Learning Rate Warmup and Cosine Scheduling are complementary techniques that strategically adjust learning rates during training — gradually increasing learning rate in warmup phase prevents gradient shock and poor weight initialization, while cosine annealing smoothly reduces learning rate to enable fine-grained optimization enabling both faster convergence and better final performance.
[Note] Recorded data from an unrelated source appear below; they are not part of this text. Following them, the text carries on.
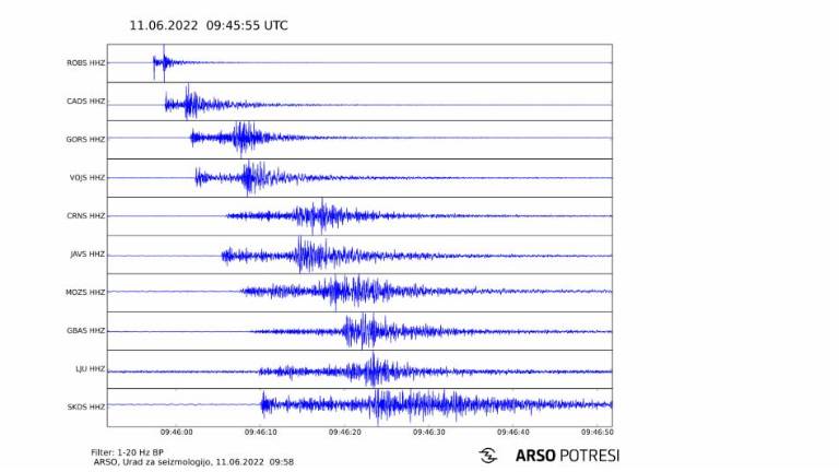 Danes, v soboto, 11. junija 2022, ob 11.45 so seizmografi slovenske državne mreže potresnih opazovalnic zabeležili potres magnitude 2,0 v bližini Bovca.
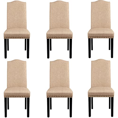 Yaheetech Matrumsstolar, set om 6 köksstolar med högt ryggstöd, moderna stolar för kök och matsal, ben av massivt trä, vadderad sits av linne, kan belastas med upp till 136 kg, kaki
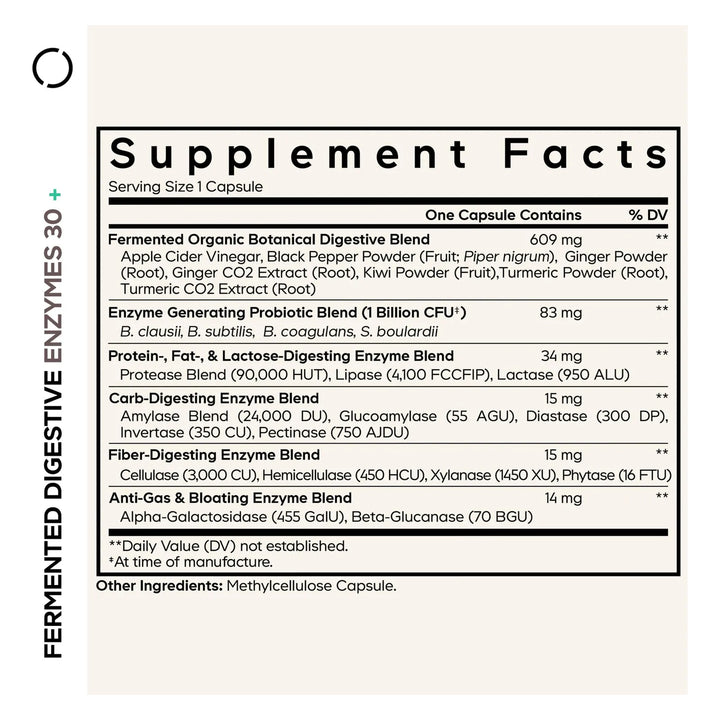 Las enzimas digestivas son proteínas especializadas que descomponen los alimentos en nutrientes más pequeños para su fácil absorción. Este producto combina enzimas pancreáticas vegetales con probióticos y prebióticos para un enfoque triple: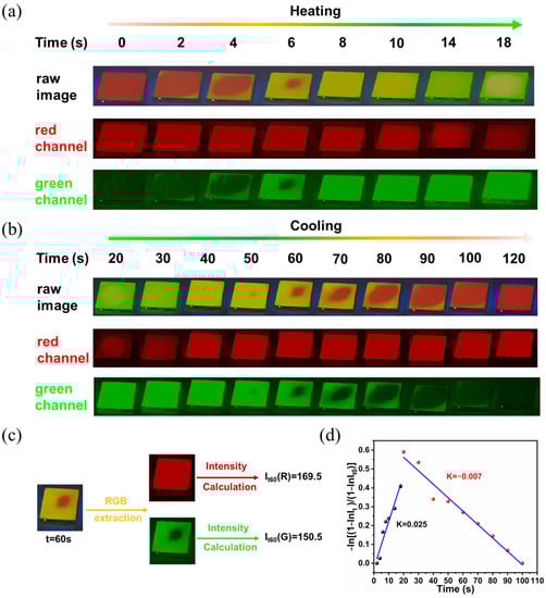 The photographs of PEA2Mn0.88Zn0.12Br4 film under UV light during the heating process (a) and cooling process (b), the corresponding red channel and green channel extracted from the photographs are shown in the middle and bottom. (c) The general calculation procedure of the R value (It(R)) and G (It(G)) value from photographs. (d) The calculation of the change rate of patterns during the heating process and cooling process by linear fittings.

Learning Rate Warmup Phase:
- Linear Warmup: increasing learning rate from 0 to target_lr over warmup_steps (typically 1000-10000 steps) — linear_lr(t) = target_lr × (t / warmup_steps)
- Initialization Impact: with random weight initialization, early gradients large and noisy — warmup prevents large updates that destabilize training
- Adam Optimizer Interaction: warmup especially important for Adam; without it, early adaptive learning rates become too aggressive
- Warmup Duration: typically 10% of training steps for smaller models, 5% for large models — shorter warmup for well-initialized models
- BERT Standard: using 10K warmup steps over 100K total steps (10% ratio) — consistent across BERT variants
Mathematical Formulation:
- Linear Warmup: lr(t) = min(t/warmup_steps, 1) × base_lr for t ≤ warmup_steps
- Learning Rate at Step t: combines warmup with base schedule (e.g., cosine) applied to warmup-scaled values
- Gradient Impact: with warmup, gradient magnitudes typically 0.1-0.5 in early steps, increasing to 1.0-2.0 by warmup end
- Loss Curvature: warmup allows model to move into low-loss regions before aggressive optimization
Cosine Annealing Schedule:
- Formula: lr(t) = base_lr × (1 + cos(π·t/T))/2 where t is current step, T is total steps — smooth decay from base_lr to ≈0
- Characteristics: slow initial decay, faster mid-training, asymptotic approach to zero — natural optimization progression
- Restart Schedules: periodic resets (warm restarts) enable escape from local minima — "SGDR" schedule with periodic restarts
- Cosine vs Linear: cosine provides smoother gradients, avoiding sudden learning rate drops that cause optimization disruption
Training Curve Behavior:
- Warmup Phase (0-10K steps): loss decreases slowly (2-5% improvement per 1K steps), highly variable
- Main Training (10K-90K steps): rapid loss decrease (10-20% per 10K steps), smooth convergence trajectory
- Annealing Phase (90K-100K steps): fine-grained optimization, loss improvements <1% per step
- Final Performance: cosine annealing achieves 1-2% better validation accuracy than linear decay over same epoch count
Practical Examples and Benchmarks:
- BERT-Base Training: 1M steps total, 10K linear warmup, then cosine decay to near-zero — 97.0% accuracy on GLUE (SuperGLUE benchmark)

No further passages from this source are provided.